È stato anche presidente generale del Corpo Nazionale Giovani Esploratori Italiani (CNGEI)[8]. Dall'unione con Donna Alberta Stagno d'Alcontres Calapaj, ha avuto tre figli, tra cui Antonio Martino, che ha seguito le orme paterne scegliendo la carriera politica.

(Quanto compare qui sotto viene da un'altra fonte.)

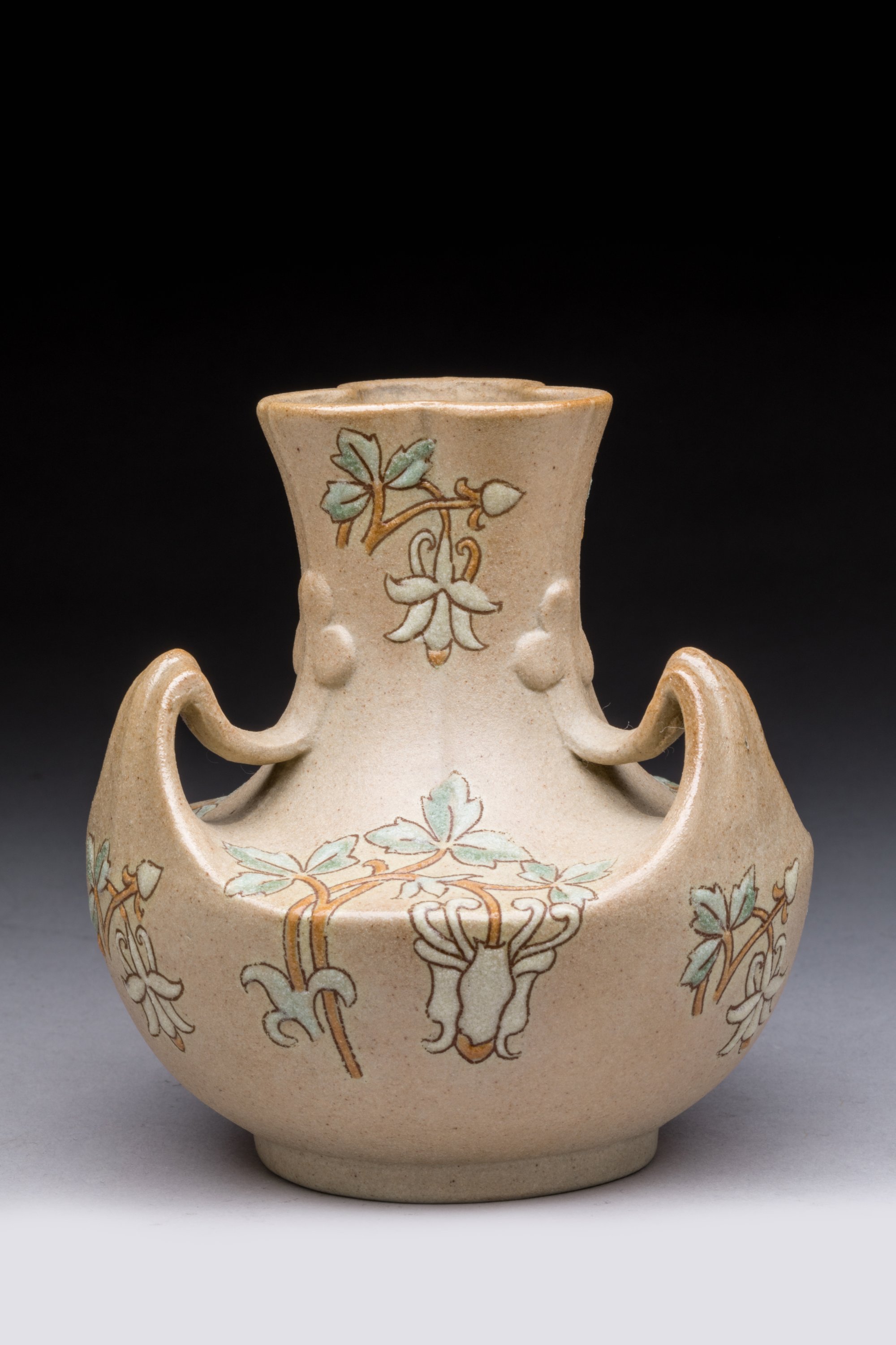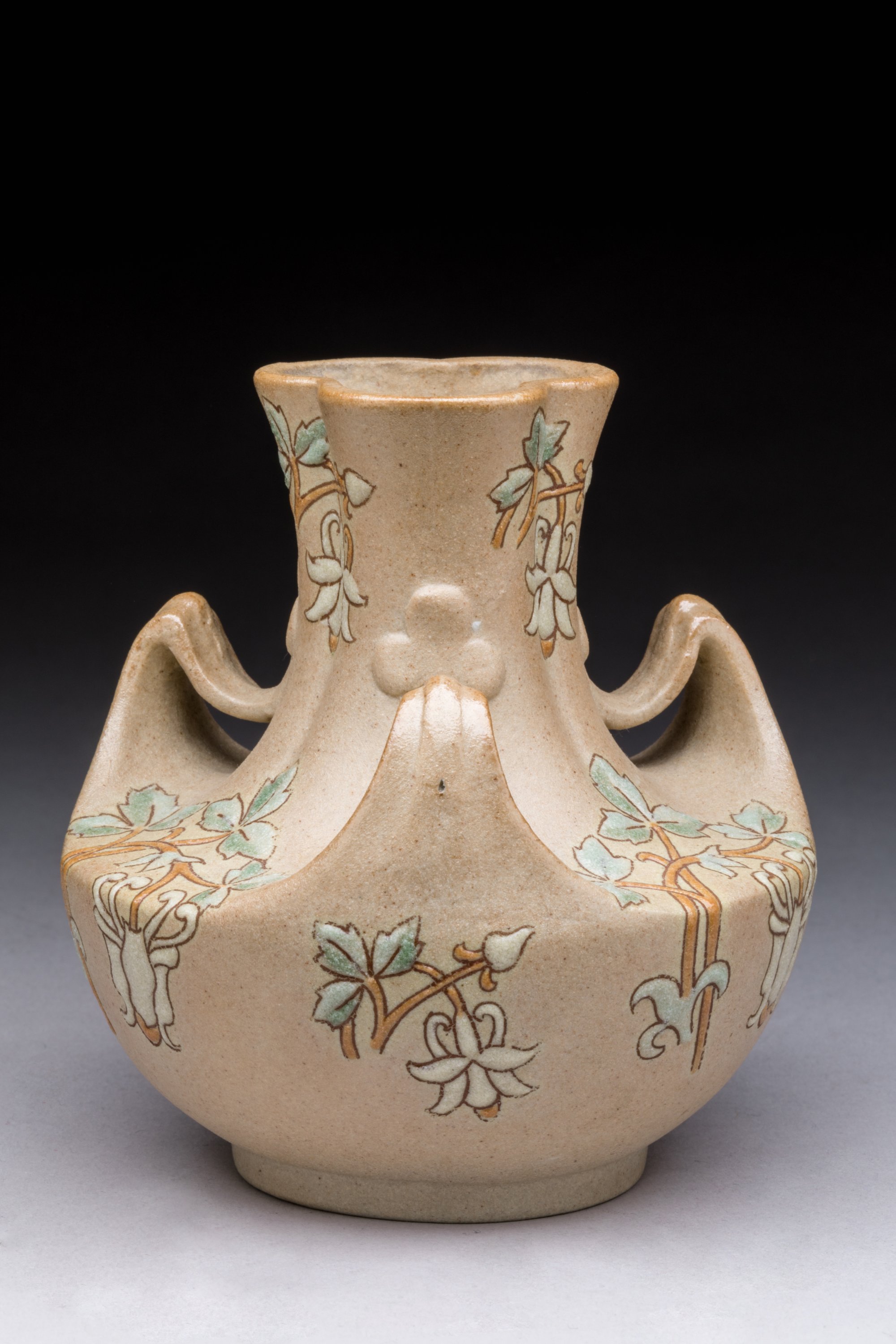en grès à fond beige et décor de petites fleurs, le col en forme de trèfle.

Secondo quanto riportato dal quotidiano La Repubblica, nell'ottobre del 1956 Martino, nelle vesti di Ministro degli affari esteri, dichiarò che certe indagini sulle stragi nazifasciste in Italia sarebbero servite solo "a incoraggiare le critiche nei confronti del comportamento dei militari tedeschi" e, quindi, a rafforzare in Germania "la resistenza interna contro l'ingresso del paese della Nato", frenando lo svolgimento delle inchieste. I documenti su tali crimini, nascosti per decenni, vennero poi ritrovati per caso nel 1994 in un armadio rivolto verso un muro in un palazzo ad uso militare. L'armadio venne soprannominato Armadio della Vergogna.[9] Franco Giustolisi analizzò le motivazioni dell'occultamento indicando nella Ragion di Stato tale comportamento omissivo e pubblicando il carteggio tra il ministro degli esteri Gaetano Martino ed il ministro della difesa Paolo Emilio Taviani che confermava queste ipotesi. Questo occultamento portò alla «non promuovibilità» dell'azione penale contro molti soldati tedeschi e all'archiviazione nel 1954 del procedimento contro il colonnello Walter Scholl.